§ Supplied data
........

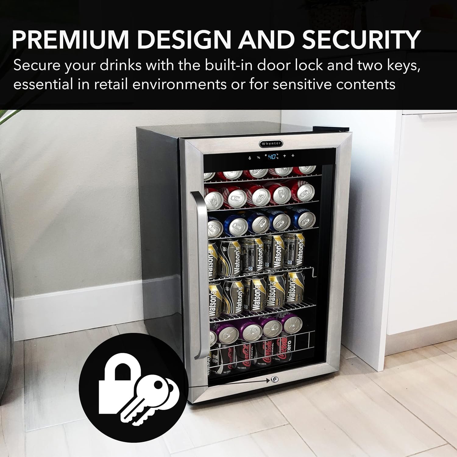 Sleek, Secure Storage: Our mini refrigerator features an energy efficient double-pane glass door for UV isolation; With a black cabinet, stainless-steel trim, and a built-in lock, this beverage refrigerator with glass door secures beverages in style
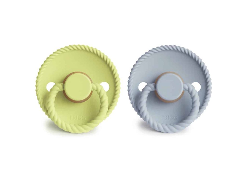 Dvojbalenie okrúhlych kaučukových cumlíkov, vhodné pre deti vo veku 6-18 mesiacov, so vzorom lana.
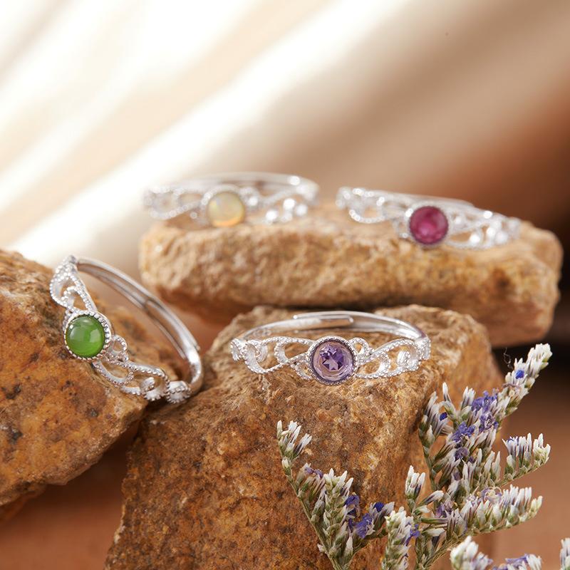 Natural Sapphire Ruby Topa Garnet Peridot Colored Treasure Ring Women'S S925 Sterling Silver Index Finger Ring

........

§ Task requirements
The lines from the one with "Dvojbalenie okrúhlych kaučukových" to the end of the data above should be retyped exactly, both ends included, and pictures are to be left out.

§ Worked solution
 Dvojbalenie okrúhlych kaučukových cumlíkov, vhodné pre deti vo veku 6-18 mesiacov, so vzorom lana.
 Natural Sapphire Ruby Topa Garnet Peridot Colored Treasure Ring Women'S S925 Sterling Silver Index Finger Ring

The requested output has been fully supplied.